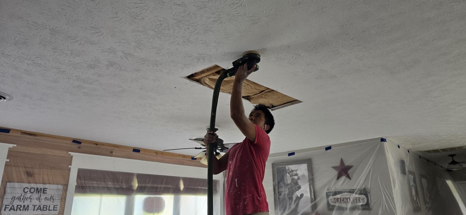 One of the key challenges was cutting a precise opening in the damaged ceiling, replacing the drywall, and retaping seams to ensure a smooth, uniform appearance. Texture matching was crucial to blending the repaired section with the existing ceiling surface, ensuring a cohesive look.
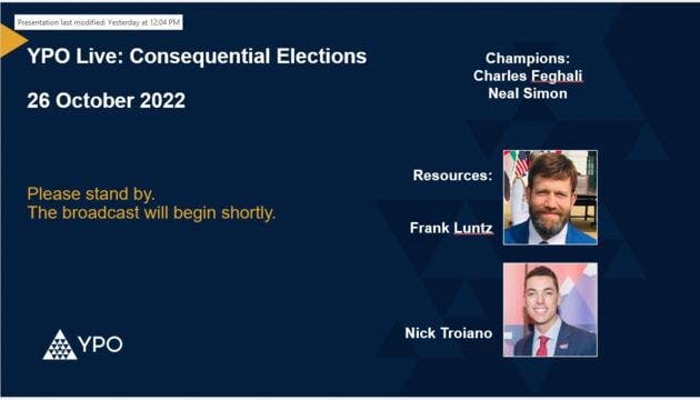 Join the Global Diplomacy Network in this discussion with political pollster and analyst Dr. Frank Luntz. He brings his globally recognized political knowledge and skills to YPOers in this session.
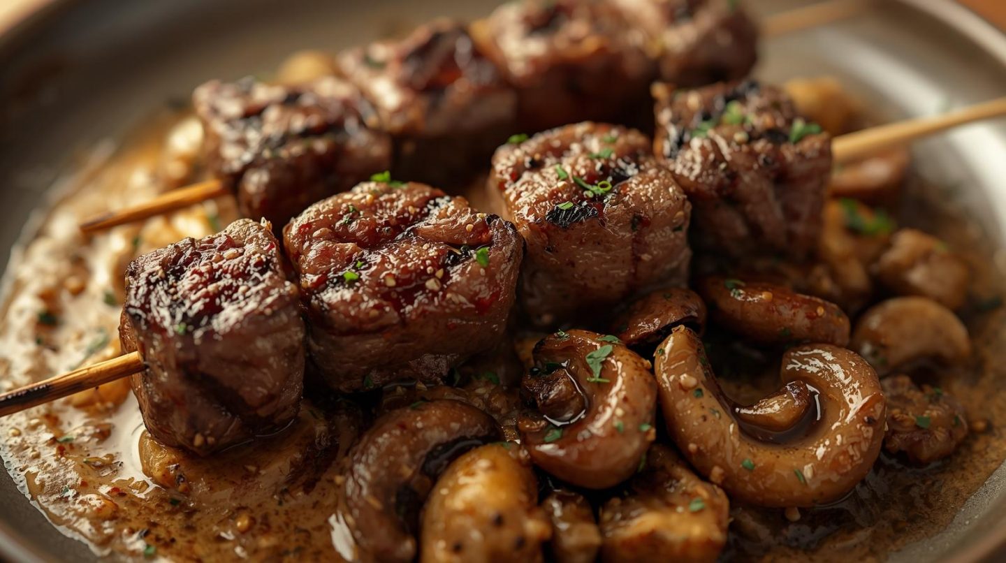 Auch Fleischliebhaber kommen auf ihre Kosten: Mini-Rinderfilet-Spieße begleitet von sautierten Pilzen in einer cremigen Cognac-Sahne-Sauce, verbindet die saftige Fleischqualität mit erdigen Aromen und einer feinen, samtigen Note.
--------------------------------------------------
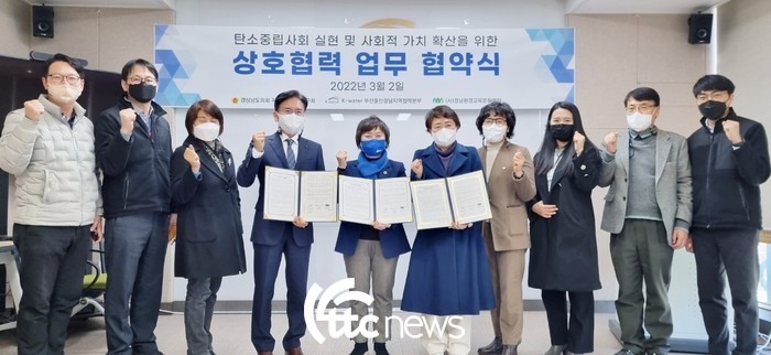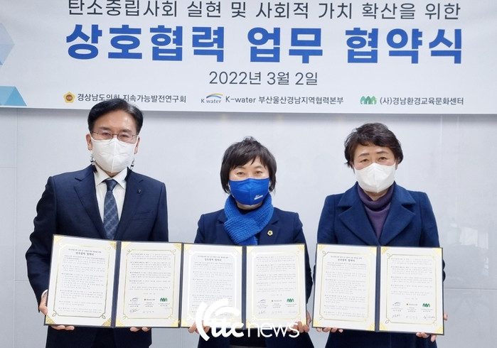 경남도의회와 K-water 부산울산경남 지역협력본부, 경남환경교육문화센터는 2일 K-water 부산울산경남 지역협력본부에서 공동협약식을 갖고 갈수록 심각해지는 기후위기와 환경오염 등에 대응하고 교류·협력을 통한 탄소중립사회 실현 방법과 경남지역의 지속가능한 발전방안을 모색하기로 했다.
--------------------------------------------------
### Work request:
Find where the line with "One of the key" sits in the material above and where the line with "Auch Fleischliebhaber kommen" sits. Set down exactly the lines from the first to the second, both included and nothing else, without pictures.

### Finished task:
 One of the key challenges was cutting a precise opening in the damaged ceiling, replacing the drywall, and retaping seams to ensure a smooth, uniform appearance. Texture matching was crucial to blending the repaired section with the existing ceiling surface, ensuring a cohesive look.
 Join the Global Diplomacy Network in this discussion with political pollster and analyst Dr. Frank Luntz. He brings his globally recognized political knowledge and skills to YPOers in this session.
 Auch Fleischliebhaber kommen auf ihre Kosten: Mini-Rinderfilet-Spieße begleitet von sautierten Pilzen in einer cremigen Cognac-Sahne-Sauce, verbindet die saftige Fleischqualität mit erdigen Aromen und einer feinen, samtigen Note.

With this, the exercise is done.